But the vaccination effort has turned things upside down.
New Zealand and Australia, from being leaders, have slid to the back of the queue on vaccinations.
Britain has seized the chance to improve its response and make its own rollout a post-Brexit success story. Now 46.3 per cent of its people have received at least one dose compared to Germany's 12 per cent.
The UK's speed of vaccination has been as praised as the EU's performance has been panned. Tensions have flared between the two over vaccine production, distribution, hoarding, export orders and the EU's scrutiny of British/Swedish pharma firm AstraZeneca.
EU problems with its supply chain and its restrictions on vaccine exports has had flow-on effects for Australia's rollout.
In February, Australia's Health Minister Greg Hunt said the country had "access to over 150 million vaccine doses, ensuring we remain a world leader in the fight against the virus". It was enough to "vaccinate every Australian three times over".
However, Australia has fallen short - by 3.4 million jabs - of its target for the end of last month. There have been major delays in getting access to shots and squabbles between the federal and state governments.
Defence Minister Peter Dutton claimed at the weekend that Australia was not in a "mad panic" to get vaccinations done like the United States and UK. The country is now having to heavily rely on local manufacture of vaccines.

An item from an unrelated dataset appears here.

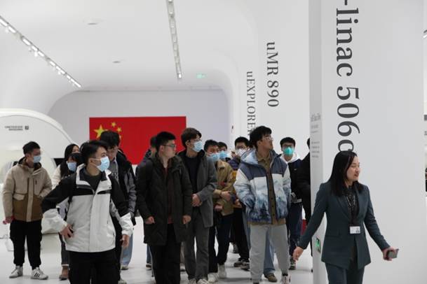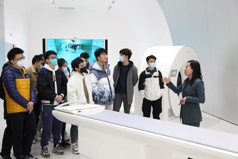 活动伊始,北京联影研究院工作人员组织大家参观联影设备展厅,详细介绍联影医疗的全球布局、功能定位、业务板块及尖端设备,重点围绕技术研发和智能孵化两个部分细致讲解,帮助同学们从放射成像、AI算法和集成芯片等多个专业领域加深了解。

New Zealand's rollout appears to be travelling at a smoother if slower pace with about 1 per cent of the population receiving at least one dose compared to Australia's 2.5 per cent.

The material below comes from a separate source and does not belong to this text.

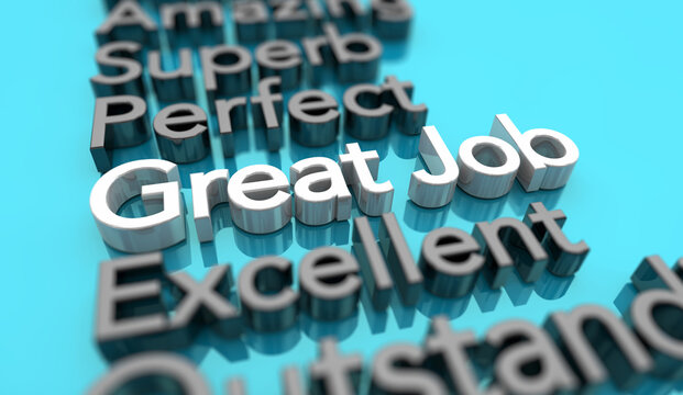 Great Job Outstanding Work Good Excellent Performance Review Words 3d Illustration

This country's relationship with Australia has been testy at times over Covid outbreaks, travel bubble negotiations, and other issues.

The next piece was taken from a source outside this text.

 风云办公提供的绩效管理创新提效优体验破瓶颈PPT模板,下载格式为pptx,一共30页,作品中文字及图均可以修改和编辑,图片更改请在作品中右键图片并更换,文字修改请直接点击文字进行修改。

One of those other problems has been the two countries' attitudes towards China - the country whose relationships with neighbours and several other powers have sustained the most damage during the pandemic.
The question is whether these various diplomatic frictions will harden and spill into other areas.
The UK and EU still have to resolve issues over Northern Ireland. China is in dispute with other countries on a range of problems, including the origin of the virus, sanctions, the South China Sea, and Xinjiang.
Then there's the nuclear programme of China's ally North Korea and the frighteningly real prospect of Myanmar descending into civil war. It's hard to see how those crises get resolved without Beijing's influence.
A period of aggressive nationalism has been building for a while. Political long-Covid looks likely to plague us all.